Few-cycle all-fiber supercontinuum laser for ultrabroadband multimodal nonlinear microscopy

Temporally coherent supercontinuum sources constitute an attractive alternative to bulk crystal-based sources of few-cycle light pulses. We present a monolithic fiber-optic configuration for generating transform-limited temporally coherent supercontinuum pulses with central wavelength at 1.06 mu m and duration as short as 13.0 fs (3.7 optical cycles). The supercontinuum is generated by the action of self-phase modulation and optical wave breaking when pumping an all-normal dispersion photonic crystal fiber with pulses of hundreds of fs duration produced by all-fiber chirped pulsed amplification. Avoidance of free-space propagation between stages confers unequalled robustness, efficiency and cost-effectiveness to this novel configuration.

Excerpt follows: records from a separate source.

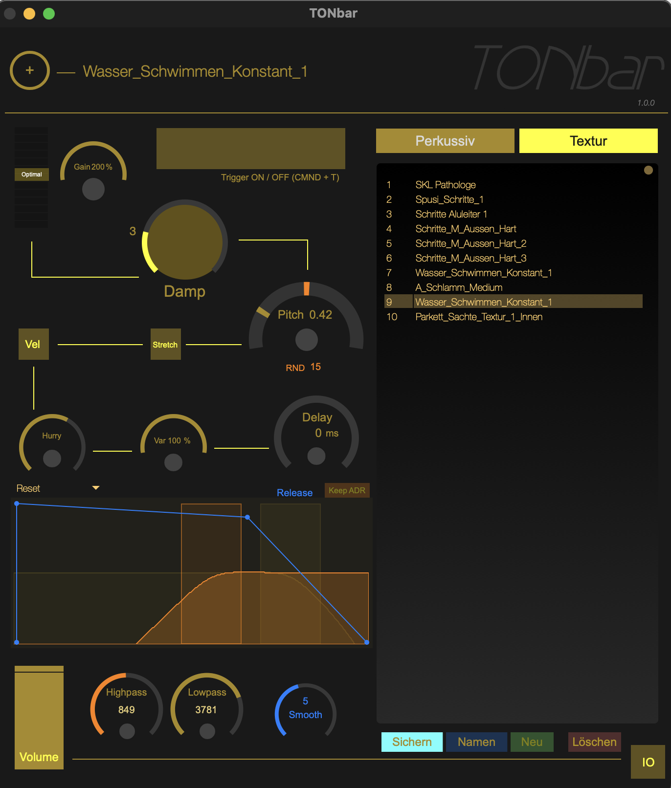 Die TONbar Application ist ein Programm zur Unterstützung bzw Klangerweiterung bei Foley Aufnahmen. Ich habe mir diese App quasi als "Addon" zu meinen Geräuschaufnahmen im Studio erstellt. Sie ergänzt meine Geräusche bei der Herstellung von schwierigen Klangereignissen. Diese sind zB. Schritte auf Glasscherben oder das komplexe Klangverhalten von Schritten auf knarzendem Parkett. Es viele Anwendungen, bei der mir diese App sehr unterstützend hilft mein en Klang zu erweitern. Je nach eingestelltem Sound hilft sie einem Originalem Sound näher zu kommen oder mehr und mehr artifiziell zu klingen.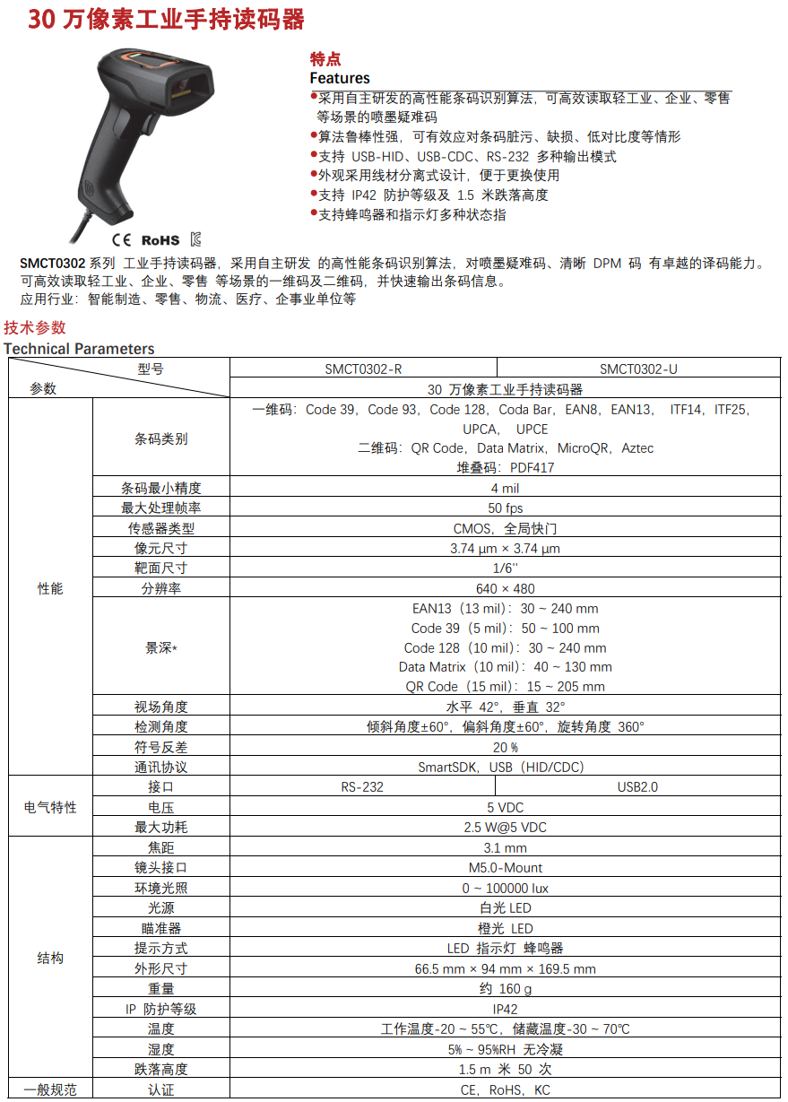 ARC MSCT0302-R MSCT0302-U有線工業手持讀碼器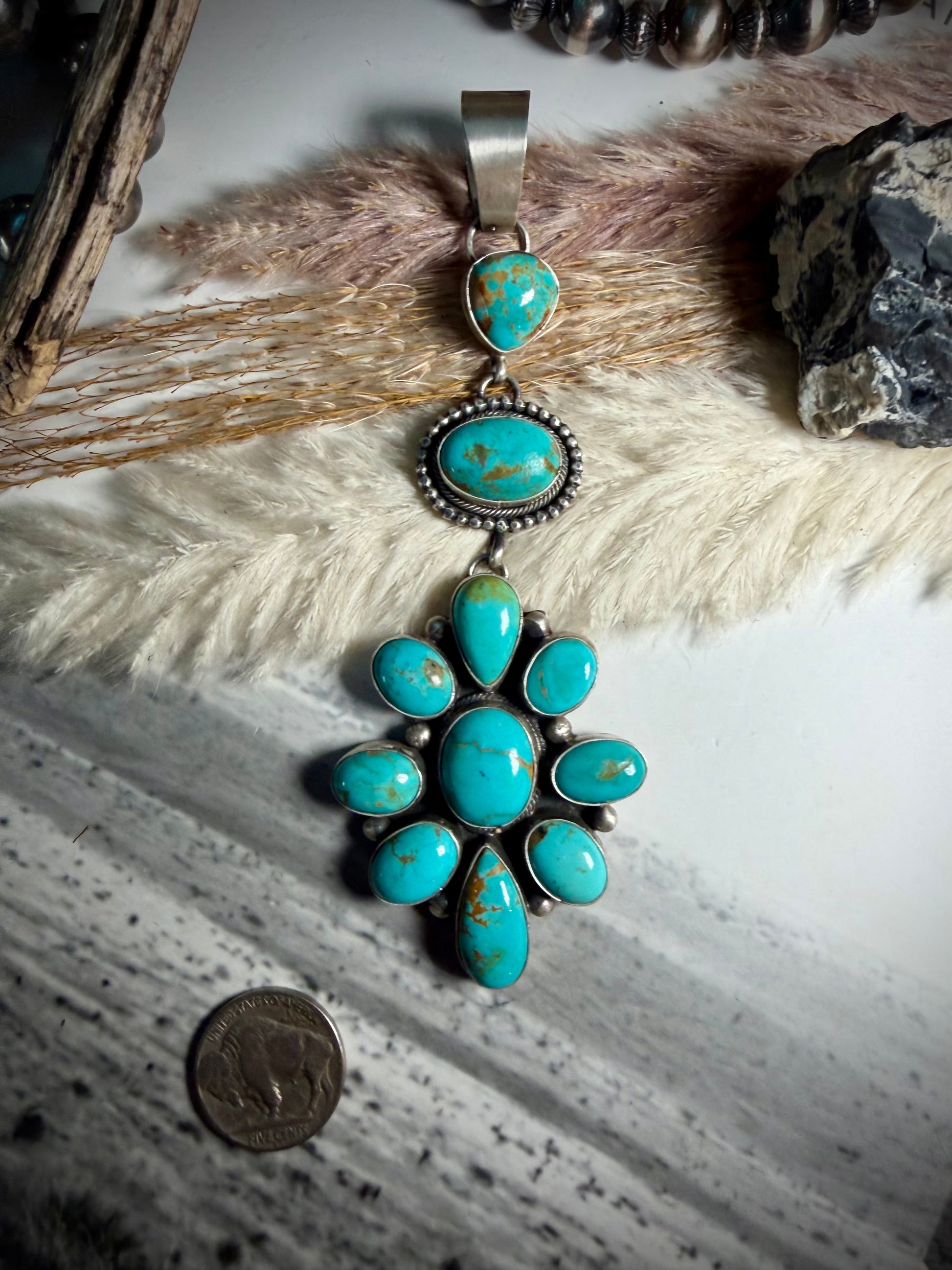 - Including the bale this beauty measures 5" long by 1 3/4" at the widest point of the Cluster Pendant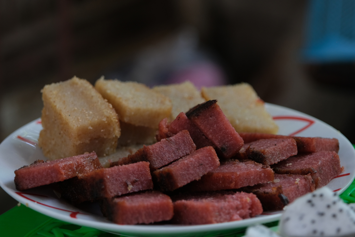 ミャンマーでよく食卓に出てくるサンニュイマゲンというバナナと餅で作られた伝統的な甘いお菓子です。望遠側の80mmを生かしてマクロレンズ的な撮影をしてみました。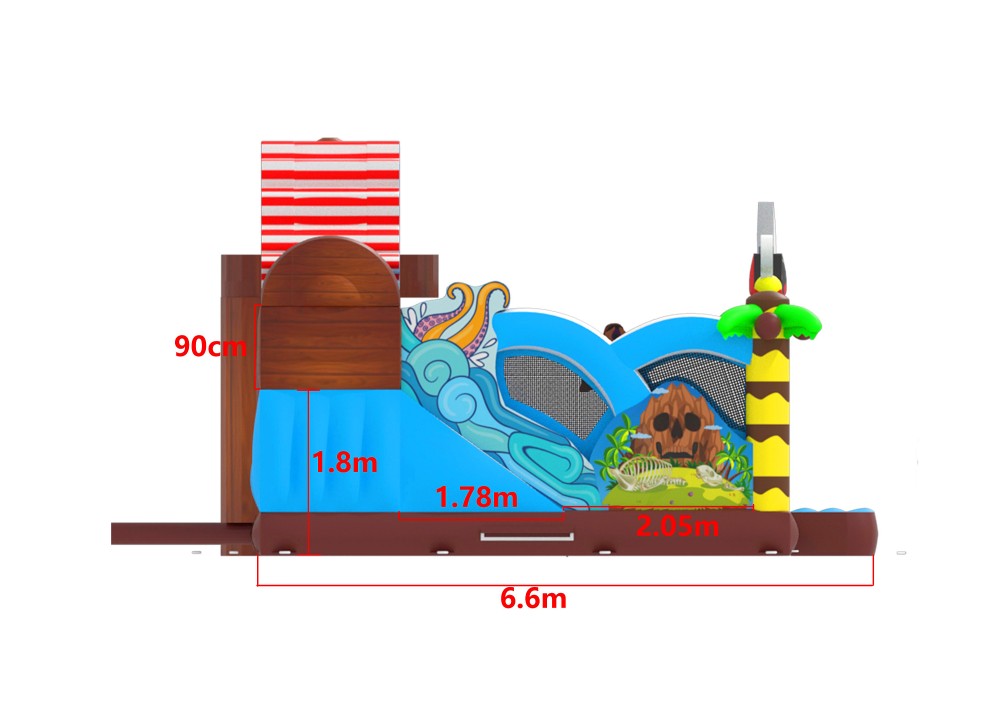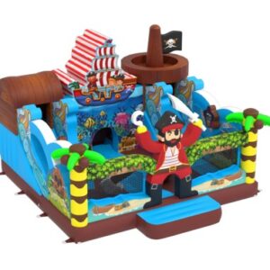 Met zijn kleurrijke ontwerp en leuke obstakels zal dit springkasteel zeker de harten van kleine kapiteins veroveren.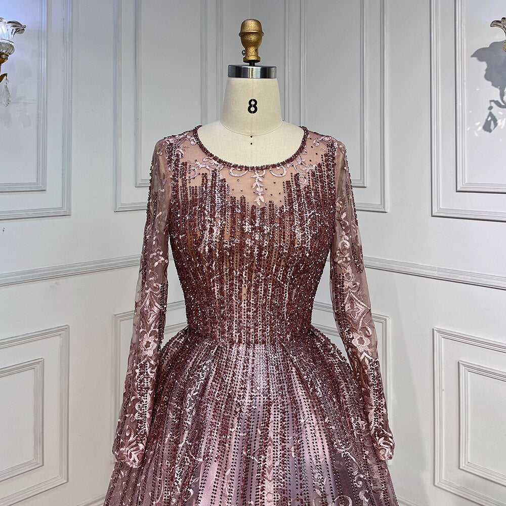 Pink Muslim A Line Long Sleeves Evening Dresses Arabic Luxury Beaded Gowns 2025 For Women Wedding Party LA70552A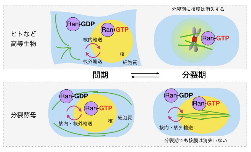 我々は、酵母では分裂期でも核膜が消失しないため、分裂期の開始とともにRanが微小管形成を誘導する因子を核内に蓄積させることで、核内での紡錘体形成を促進すると考えました (図3-2) 。酵母ではRanが微小管形成を促進する必要があったといえます。このような酵母においてRanの役割がうまれ、これが起源となり、種の進化とともに核膜が消失するようになったあとでもRanの微小管促進機能がそのまま利用されていると想像できます。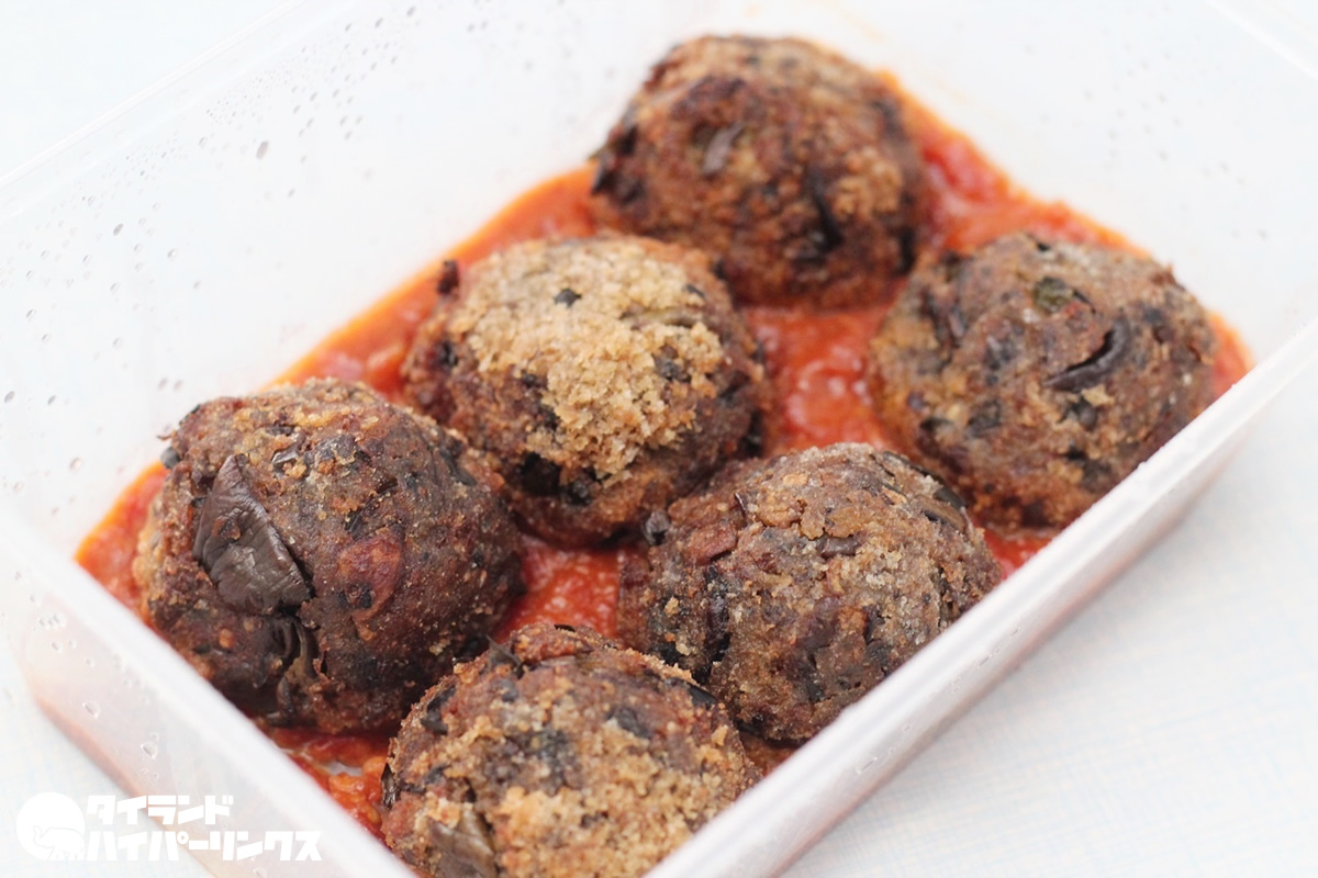 そして、「茄子のトマトソース&卵(EGGPLANTBALLS, WITHTOMATO SAUCE ANOSTRACCIALTLEA)」(400バーツ)。ミートボールのような見た目ですが、優しい食感の茄子のコロッケ版といった感じの味。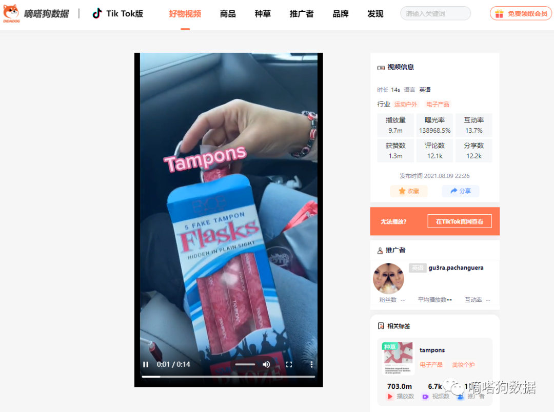 这款卫生棉酒瓶伪装性非常高,基本杜绝了被发现风险,嘀嗒狗发现该产品近期在TikTok热度非常高。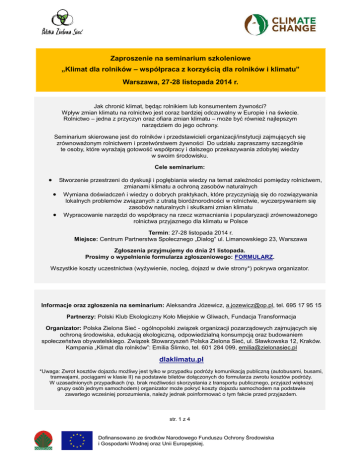 Zaproszenie na seminarium szkoleniowe „Klimat dla rolników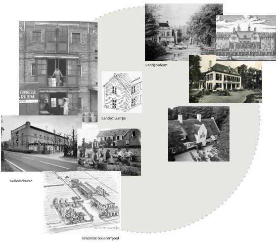 Vanaf de 16e eeuwe werden buitenplaatsen en landgoederen gesticht. Deze bestonden uit hoofdgebouwen met bijgebouwen en tuinen. Het hoofdhuis is het dominante bouwvolume door omvang, architectonische kwaliteit, positionering op de kavel. Ze zijn gericht op de infrastructuur en dikwijls zichtbaarheid vanaf de openbare (vaar)weg.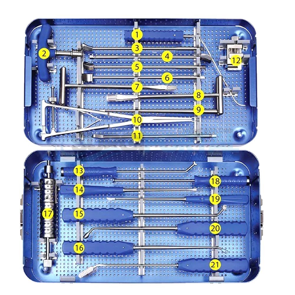 The TLIF PEEK Cage Instrument Set is a specialized spinal surgery kit engineered for precise placement of PEEK cages during transforaminal lumbar interbody fusion procedures. This comprehensive set includes instruments for disc space preparation, cage insertion, and alignment, ensuring stability and optimal fit. Crafted from high-grade surgical stainless steel and titanium where necessary, each tool is ergonomically designed for surgeon comfort during complex spinal operations.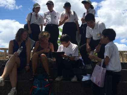 たくさん用意していたお礼のカードもほとんどなくなりました。最後はたまたま全員集合です。連日の猛暑に負けず、楽しくインタビュー活動ができました。大阪城でのインタビュー活動は今日で終わります。明日は、折り紙教室2日目です。インタビューと違って、応じてくださる方は少ないのですが、日本文化を紹介するいい機会です。頑張りましょう!たくさんの外国人の方が、来てくださいますように。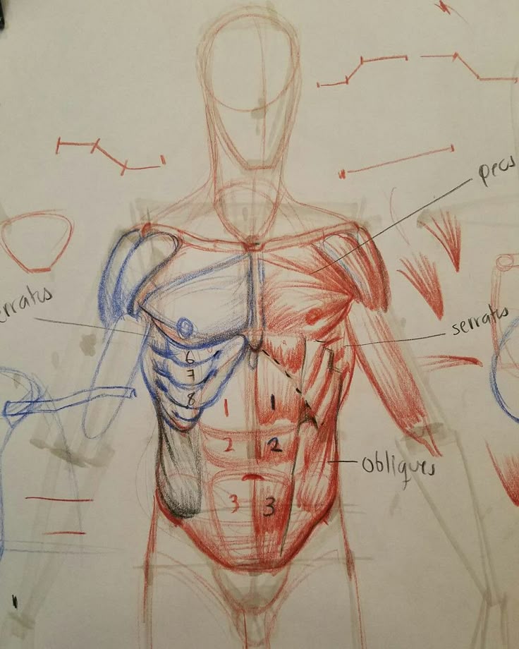 Когда художники впервые начинают уделять больше внимания добавлению анатомии в свои рисунки, они часто склонны чрезмерно подчеркивать анатомию.
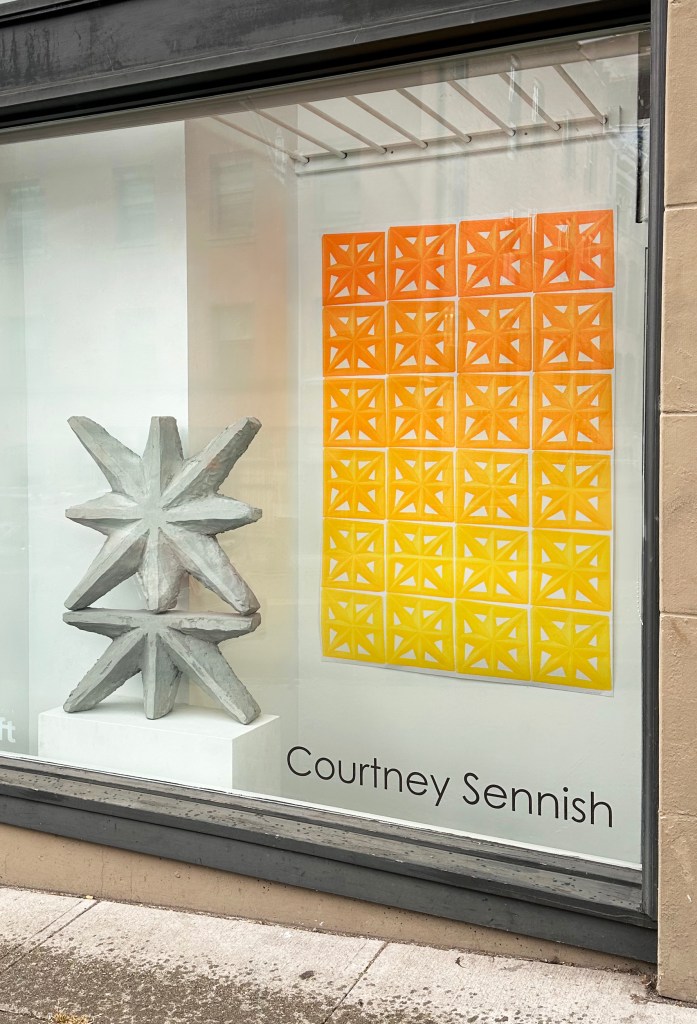 Courtney Sennish ambles through the city in search of illuminations: silent monuments presenting symbolic form and human decision. She looks at architectural repetition, color and texture to explore and dissect the urban fabric.

Collectively, the features of all-fiber few-cycle pulsed sources make them powerful tools for applications benefitting from the ultrabroadband spectra and ultrashort pulse durations. Here we exploit these features and the deep penetration of light in biological tissues at the spectral region of 1 mu m, to demonstrate their successful performance in ultrabroadband multispectral and multimodal nonlinear microscopy. (C) 2022 Optica Publishing Group under the terms of the Optica Open Access Publishing Agreement

Automated summary

Temporally coherent supercontinuum sources generated using a monolithic fiber-optic configuration are presented. The configuration offers unparalleled robustness, efficiency, and cost-effectiveness. The ultra-broadband spectra and ultra-short pulse durations make these sources powerful tools for multispectral and multimodal nonlinear microscopy.